Monday, 31 October 2016

Weighted Votes: A summary of the arguments

The purpose of democracy is to make our legislators focus on the happiness of the greatest number. The better the electoral system does that, the better it is.

Plurality voting systems, such as our current one, distort this process by making a small number of voters’ votes crucial and the vast majority irrelevant.

Weighted Votes is a proposal for a system that corrects that distortion. It makes it worth a party’s while to campaign, even in unwinnable seats. It makes it worth your while to vote for your preferred party, even in unwinnable seats. It corrects for unequal sizes of constituencies, it discourages tactical voting in favour of honest voting, it can retain the constituency link while avoiding having two classes of MP, and it creates near-perfect proportionality of representation.

The way it works is that, in an election, all votes cast for each party – whether in seats they won or seats they didn’t win – are counted and divided by the number of seats that party has; the result is called the party’s weighting. Their MPs, when they vote in a parliamentary division, then have their vote counted with that weight.

For example, in the 2015 election the Conservatives got 331 seats for 11,334,920 votes, so each Conservative MP would get a vote worth 11,334,920 divided by 331, or 34,244, to cast in the division lobby.

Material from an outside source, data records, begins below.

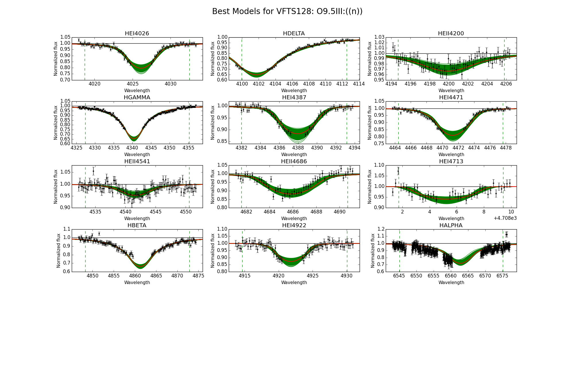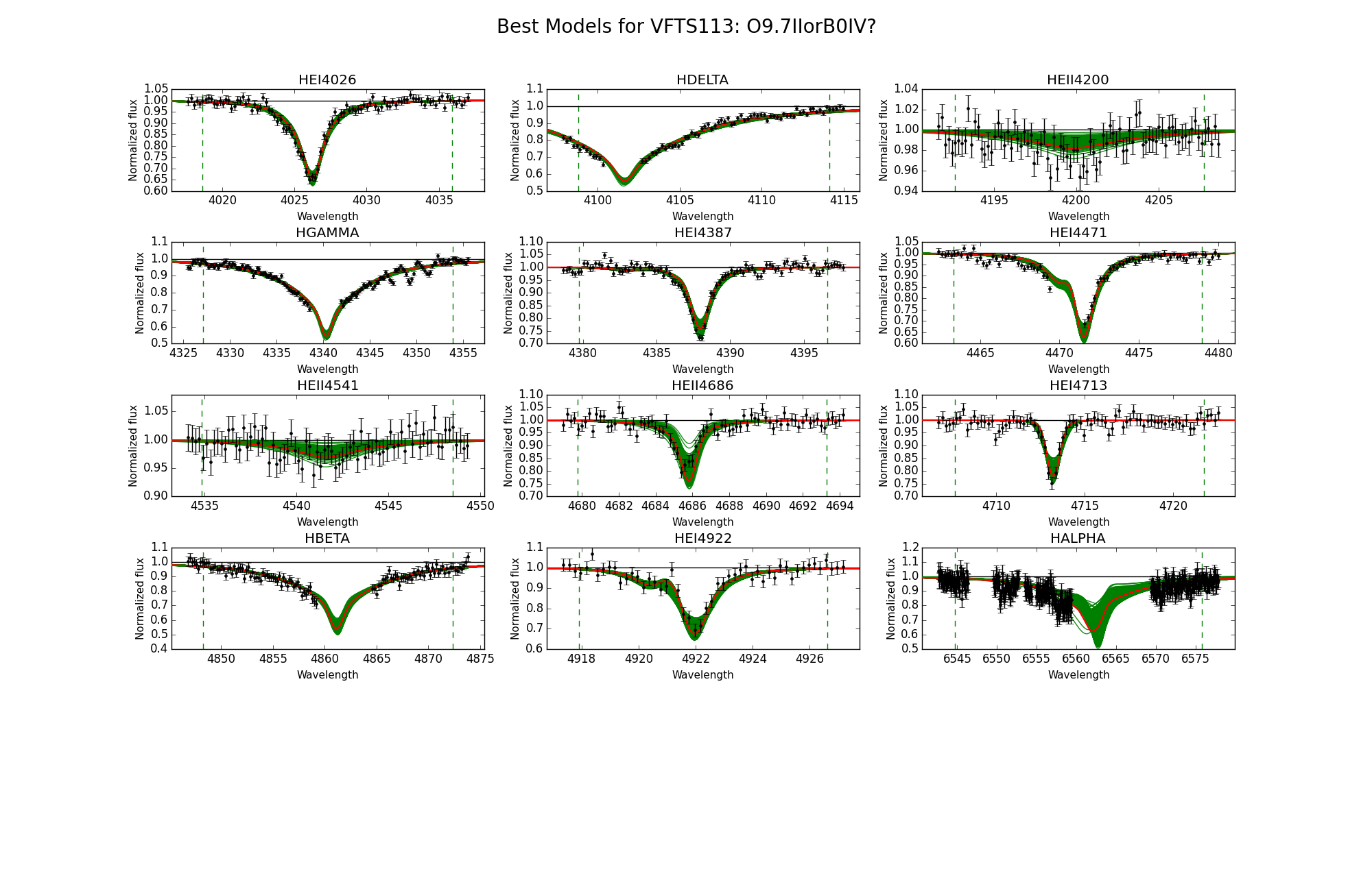 Observed spectra, the 95% probability models (green) and the best fit model (red) for VFTS 113 and 128. The vertical dashed lines indicate the wavelength range used to fit the corresponding diagnostic line.
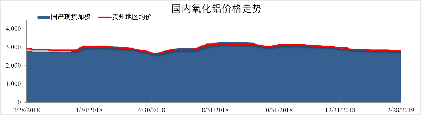 截至2月28日,國產(chǎn)氧化鋁現貨加權均價(jià)為2812元/噸,同比下降0.81%,環(huán)比下降2.18%。貴州地區氧化鋁現貨加權均價(jià)為2829元/噸,同比下降3.37%,環(huán)比下降2.22%。
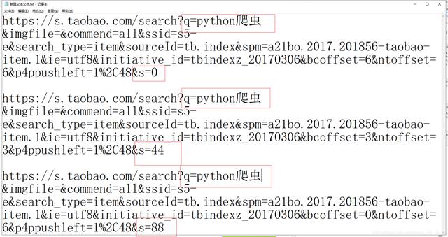 6.翻页方法,对比1,2,3页网址,发现只有q和s的属性有用,q是搜索,s是商品数,只需要填写这2个属性,用修改s的属性的方式翻页
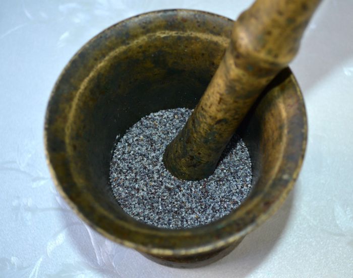 Приготовить маковую начинку. Мак растереть в ступке с сахаром.
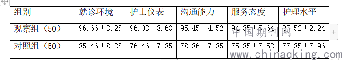 2.2 两组患者各项临床护理服务满意度评分比较。观察组的就诊环境、护士仪表、沟通能力、服务态度、护理水平等满意度评分,均显著高于对照组,组间差异显著P<0.05。具体数据见表2。
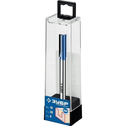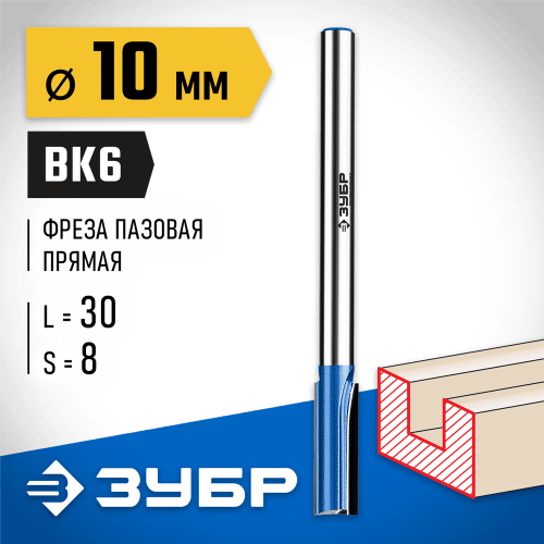 ЗУБР 10 x 30 мм, хвостовик 8 мм, фреза пазовая прямая с нижними подрезателями 28755-10-30 Профессионал

Likewise, every Labour MP's vote would be worth 40,290, SNP 25,972 and LibDem 301,986.

This can be combined with any electoral system – STV, AV+, pure list systems, Score Voting, whatever – as those systems are about who gets chosen to be a representative, while Weighted Votes is about how influential that representative is.

I am going to lay out my arguments for WV. I will start with some philosophical underpinnings, because I think decisions about electoral systems need to to be based on things like what democracy is for and why voter equality matters.

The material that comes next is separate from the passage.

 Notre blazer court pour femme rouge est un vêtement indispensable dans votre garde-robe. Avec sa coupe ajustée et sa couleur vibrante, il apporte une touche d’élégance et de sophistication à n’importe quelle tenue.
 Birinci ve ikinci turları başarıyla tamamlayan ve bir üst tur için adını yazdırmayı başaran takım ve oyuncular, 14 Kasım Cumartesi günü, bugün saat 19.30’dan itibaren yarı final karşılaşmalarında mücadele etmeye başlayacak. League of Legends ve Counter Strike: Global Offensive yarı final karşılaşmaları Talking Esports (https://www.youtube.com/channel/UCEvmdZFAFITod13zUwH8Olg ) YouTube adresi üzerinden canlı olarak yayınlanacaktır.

Once I’ve done that, I will then describe the system in more detail, along with what its good effects would be.

Sunday, 30 October 2016

On Weighted Voting

The purpose of this modest series is to propose a form of Proportional Representation that has not had a great deal of attention, but which I think has so many advantages that we should be seriously advocating it above all others.

I will start by analysing why we want democracy at all, and then why proportionality is the right way to do it. Then, on that basis, I will describe the Weighted Votes (WV) system, explain its benefits, and suggest how it might be implemented.

In brief, the Weighted Votes system applies to votes in parliament. Rather than making the number of MPs for a party reflect their share of the vote in the country, it makes their parliamentary voting strength equal their votes in the country.

I will put up a new post at noon every day from tomorrow, Monday 31st October until Saturday 5th November. The following week I will start to post a series of objections to WV, along with my responses to them.